* What you need to do *
Copy out the data in full and exactly, passing over the pictures.

* The data *
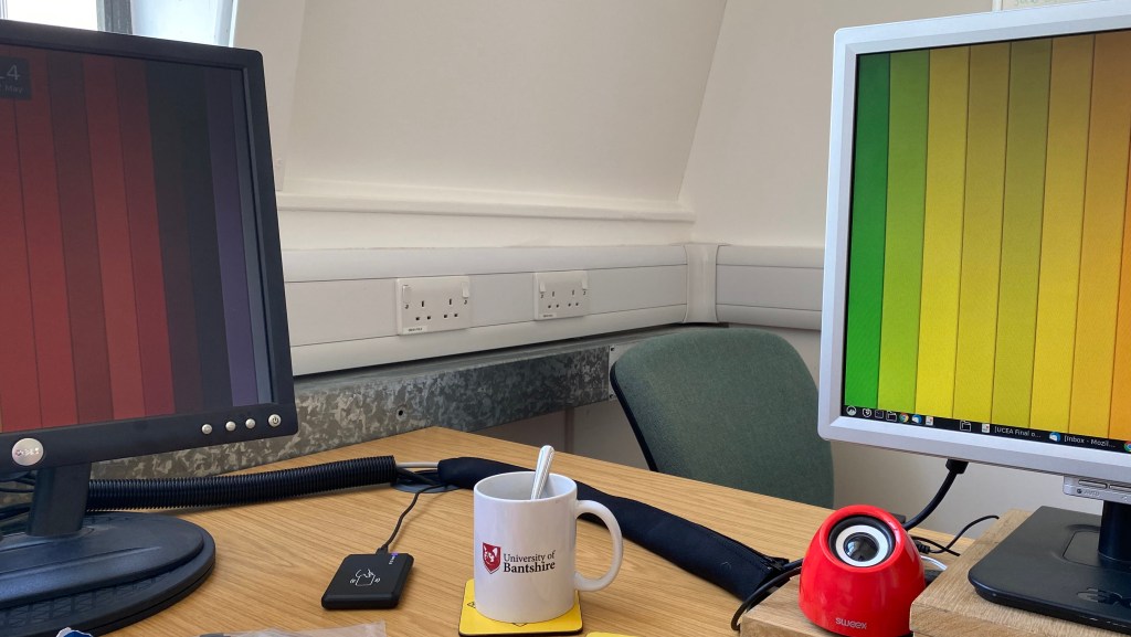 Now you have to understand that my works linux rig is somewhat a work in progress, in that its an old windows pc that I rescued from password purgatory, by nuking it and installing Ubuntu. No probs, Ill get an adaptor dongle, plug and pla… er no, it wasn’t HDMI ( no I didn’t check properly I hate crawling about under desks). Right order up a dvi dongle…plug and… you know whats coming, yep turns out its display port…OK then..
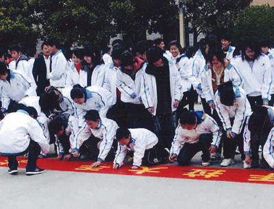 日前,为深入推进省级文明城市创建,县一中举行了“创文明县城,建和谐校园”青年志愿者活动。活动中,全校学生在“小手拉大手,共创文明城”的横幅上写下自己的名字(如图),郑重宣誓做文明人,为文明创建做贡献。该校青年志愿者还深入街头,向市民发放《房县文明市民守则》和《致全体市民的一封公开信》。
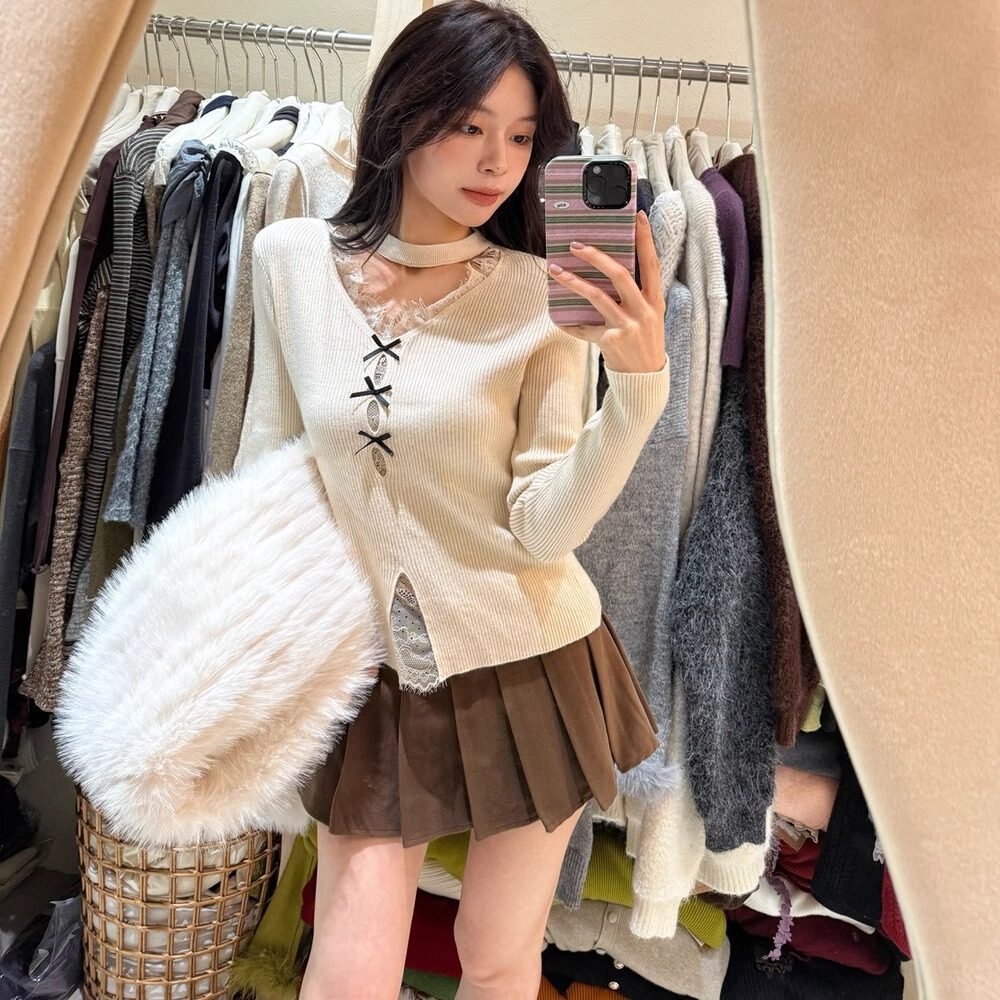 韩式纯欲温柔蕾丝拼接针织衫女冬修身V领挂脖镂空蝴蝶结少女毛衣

* Output for this exercise *
 Now you have to understand that my works linux rig is somewhat a work in progress, in that its an old windows pc that I rescued from password purgatory, by nuking it and installing Ubuntu. No probs, Ill get an adaptor dongle, plug and pla… er no, it wasn’t HDMI ( no I didn’t check properly I hate crawling about under desks). Right order up a dvi dongle…plug and… you know whats coming, yep turns out its display port…OK then..
 日前,为深入推进省级文明城市创建,县一中举行了“创文明县城,建和谐校园”青年志愿者活动。活动中,全校学生在“小手拉大手,共创文明城”的横幅上写下自己的名字(如图),郑重宣誓做文明人,为文明创建做贡献。该校青年志愿者还深入街头,向市民发放《房县文明市民守则》和《致全体市民的一封公开信》。
 韩式纯欲温柔蕾丝拼接针织衫女冬修身V领挂脖镂空蝴蝶结少女毛衣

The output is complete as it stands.